In crisis periods, monetary transmission channels distort or break down, prompting central banks to deploy unconventional instruments. This analysis details how the nature of policy transmission changes when conventional channels seize up.

Reading time: 4 minutes
Orchestra scene in a concert hall, with an entire section missing from the center of the stand layout.
When an essential component is missing, the overall balance of the system is altered.

In crisis episodes, monetary transmission changes nature as channels break down and unconventional measures take over.

During financial crises, monetary transmission channels distort or break down. Central banks then deploy unconventional instruments to restore liquidity. This shift profoundly alters the effectiveness and reach of policy decisions. Comparing crisis phases to normal periods often leads to misreadings. Examining these breakdowns clarifies the structural limits of transmission.

When transmission channels seize up

In normal conditions, a policy rate cut diffuses to bank lending rates, credit conditions and asset prices through a relatively predictable sequence. In a crisis, this mechanism jams. The freezing of the interbank market during the 2008 crisis, the fragmentation of euro-area sovereign markets between 2010 and 2012, and the credit paralysis during the 2020 lockdowns all illustrate these breakdowns.

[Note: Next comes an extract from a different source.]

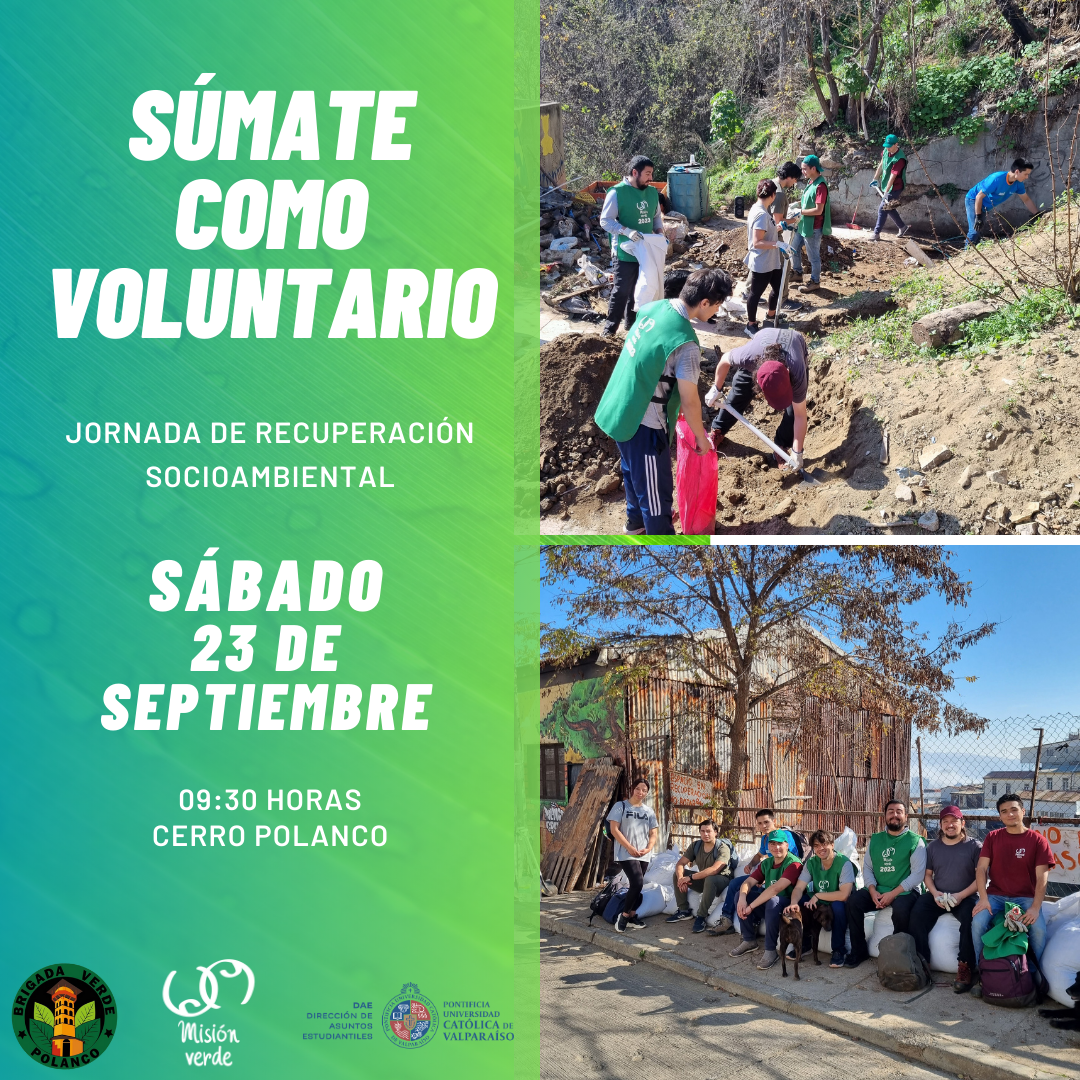Súmate como voluntario a una nueva jornada de limpieza del micro basural ubicado a un costado de la junta de vecinos del Cerro Polanco. Nos reuniremos a las 9:30 horas el día sábado 23 de septiembre en la Casa Central para dirigirnos al Cerro Polanco y trabajar en la remoción de escombros en conjunto con los vecinos del sector.

The central blocking mechanism lies in risk aversion. When banks doubt the solvency of their counterparties, they stop lending to one another regardless of the policy rate. The credit channel closes independently of refinancing costs. According to the ECB (Financial Stability Review, November 2025), the spread between the unsecured interbank rate and the ECB deposit rate reached 180 basis points at the peak of the 2008 crisis, against less than 10 basis points in normal regimes — a one-to-eighteen ratio that captures the magnitude of the rupture.

New instruments to bypass the blockages

The expansion of the central bank toolkit in crisis periods has profoundly reshaped the nature of monetary transmission. Quantitative easing (QE), targeted longer-term refinancing operations (TLTROs), asset purchase programs and emergency facilities constitute alternative transmission channels that bypass the conventional banking system.

These instruments operate through different routes. QE compresses term premia on sovereign and corporate bonds, directly lowering long-term financing costs. TLTROs condition cheap bank refinancing on actual credit issuance, aiming to unlock the bank channel through incentive rather than price. This transmission logic is mapped in the detailed mechanics of transmission to the real economy. Private asset purchase programs (CSPP, PEPP) directly target corporate financing conditions on capital markets.

Between 2015 and 2022, the ECB balance sheet expanded from approximately €2 trillion to more than €8.8 trillion (ECB data), an unprecedented expansion that reflects the scale of substitution between conventional and unconventional instruments. The massive liquidity injection into the financial system restored market functioning, but through a transmission logic radically different from the classical rate channel.

Persistent limits despite the interventions

Even with these instruments, transmission remains partial in crisis conditions. The fundamental asymmetry of monetary effects intensifies during these phases: confidence and credit are easier to destroy than to rebuild. The liquidity trap concept — where agents prefer to hold cash rather than lend or invest, regardless of the rate level — retains its analytical relevance.

Japan’s post-1990 experience constitutes the most documented case study. Despite rates near zero for more than two decades and massive purchase programs, the Bank of Japan failed to durably revive inflation or trend growth. This precedent illustrates the structural limits of the monetary instrument when private balance sheets remain damaged and deflationary expectations take root.

Eco3min reading

Financial fragmentation in the euro area acts as an aggravating factor in crisis periods: a single monetary decision transmits with very different intensities across countries, making macroeconomic steering all the more complex.

A crisis modifies not only the tools of monetary policy but the very nature of what it can achieve. The usual lags of monetary transmission lengthen considerably under financial stress, because damaged channels must first be restored before they can transmit impulses. Real-time tracking of cyclical indicators helps identify the first signs of normalization — or persistence — of transmission dysfunctions.